Diabetes Metab J.  2025 Mar;49(2):183-193. 10.4093/dmj.2024.0836.

Older Adults with Diabetes in Korea: Latest Clinical and Epidemiologic Trends

Affiliations
  • 1Division of Endocrinology and Metabolism, Department of Internal Medicine, St. Vincent’s Hospital, College of Medicine, The Catholic University of Korea, Seoul, Korea
  • 2Department of Internal Medicine, College of Medicine, The Catholic University of Korea, Seoul, Korea
  • 3Department of Statistics and Actuarial Science, Soongsil University, Seoul, Korea
  • 4Division of Endocrinology and Metabolism, Department of Internal Medicine, Seoul National University Bundang Hospital, Seoul National University College of Medicine, Seongnam, Korea

Abstract

Background
Diabetes in older adults is becoming a significant public burden to South Korea. However, a comprehensive understanding of epidemiologic trends and the detailed clinical characteristics of older adults with diabetes is lacking. Therefore, we evaluated epidemiologic trends and the metabolic and lifestyle characteristics of diabetes in Korean older adults.
Methods
We analyzed data from the Korea National Health and Nutrition Examination Survey to assess diabetes prevalence according to diabetes duration and lifestyle behaviors.

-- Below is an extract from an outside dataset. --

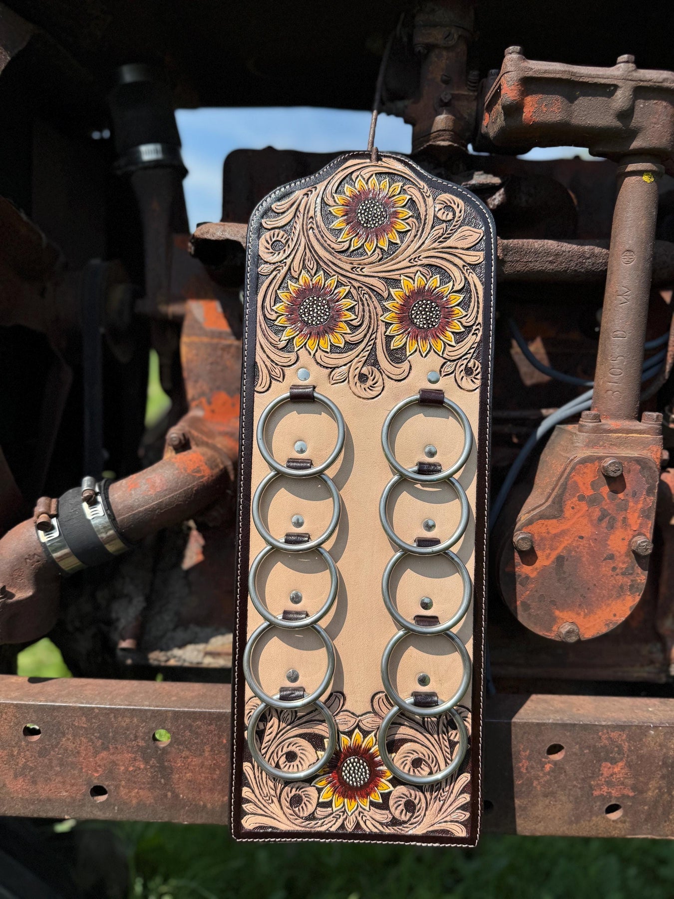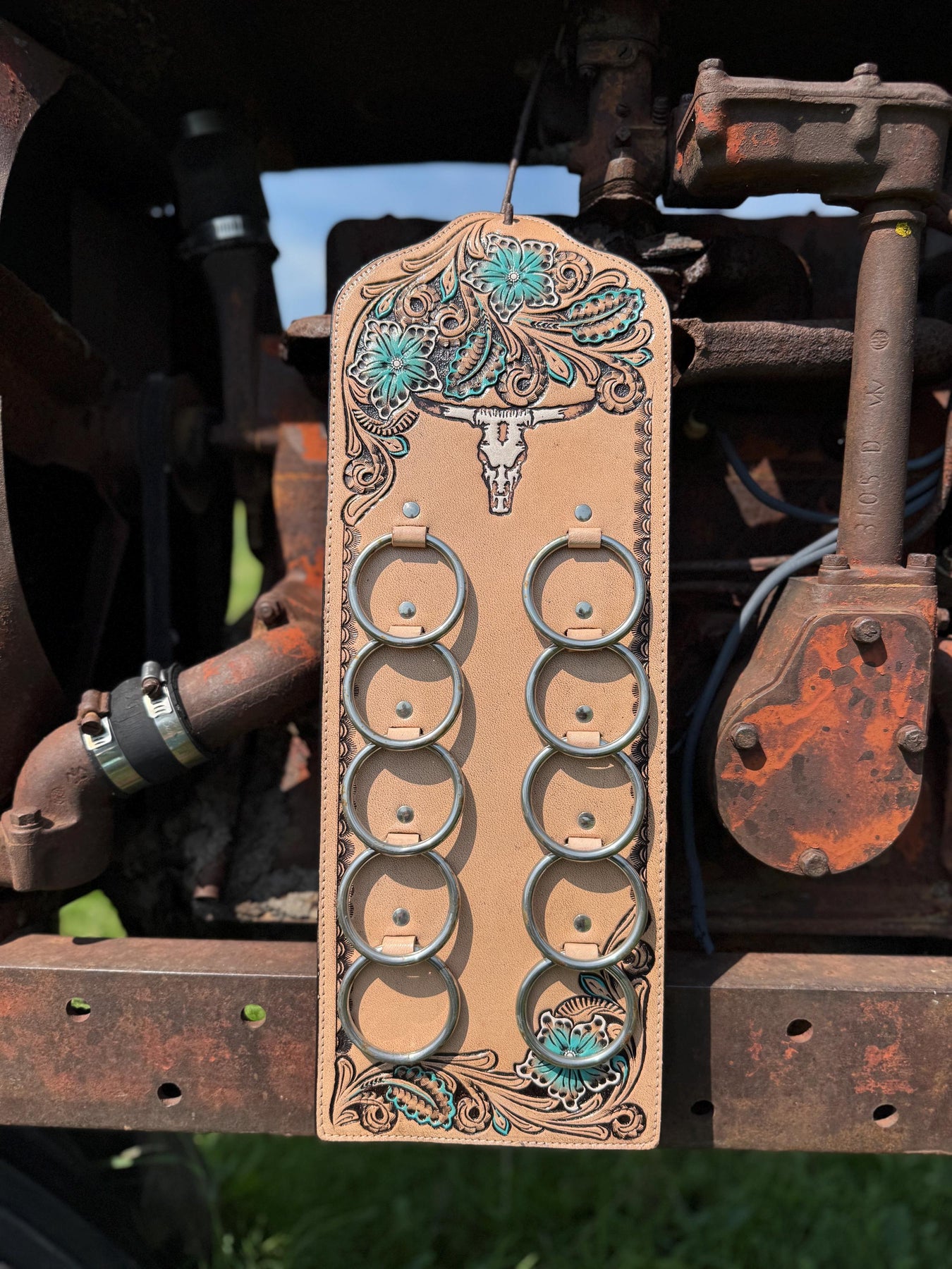 Our wild rag holder is made of thick hand tooled genuine cowhide leather. Not only will this item keep your wild rags gathered, but also pairs as a beautiful home decor item.

In addition, we drew upon the National Health Information Database of the National Health Insurance System to assess physical activity levels, antidiabetic medication use, polypharmacy, medication adherence, and major comorbidities.
Results
The absolute number of newly diagnosed cases of diabetes among older adults doubled over the past decade. Management rates of metabolic indicators were higher in older adults with diabetes compared to those without diabetes. The proportion of older adults with diabetes meeting the minimum recommended physical activity increased over the years. Compared to 10 years before, the use of dipeptidyl peptidase-4 inhibitor or sodium-glucose cotransporter-2 inhibitor had increased, as had comorbidities such as dyslipidemia, dementia, cancer, heart failure, atrial fibrillation, and chronic kidney disease. Initial medication adherence was significantly lower in those with end-stage kidney disease or dementia, insulin use, high-risk alcohol use, and living alone. Continuing insulin use 1 year after diagnosis of diabetes was significantly higher in those who initiated insulin therapy at diagnosis, had retinopathy, were on triple antidiabetic medications, and had a history of cancer.
Conclusion
Comprehensive management of metabolic indicators and physical activity is essential for older adults with diabetes. Improvements in prescribing guidelines, personalized management of age-related comorbidities, and individualized approaches that consider the heterogeneous nature of older adults with diabetes are desirable. Further research, such as high-quality cohort and intervention studies specific to older adults, is needed to establish evidence-based management for older adults with diabetes.

Keyword

Aged; Comorbidity; Diabetes mellitus; Hypoglycemic agents; Insulin; Mortality; Polypharmacy

Figure

  • Fig. 1. Trends of comorbidities (excluding hypertension and dyslipidemia) among adults with diabetes aged 65 years and older, 60% sample cohort from National Health Information Database 2012 to 2022. AF, atrial fibrillation; ESKD, end-stage kidney disease; MI, myocardial infarction; PDR, proliferative diabetic retinopathy.

  • Fig. 2. Mortality risk within 3 years of major comorbidities among adults with diabetes aged 65 years and older, National Health Information Database 2015 to 2016. HR, hazard ratio; CI, confidence interval; ESKD, end-stage kidney disease; CKD, chronic kidney disease; MI, myocardial infarction.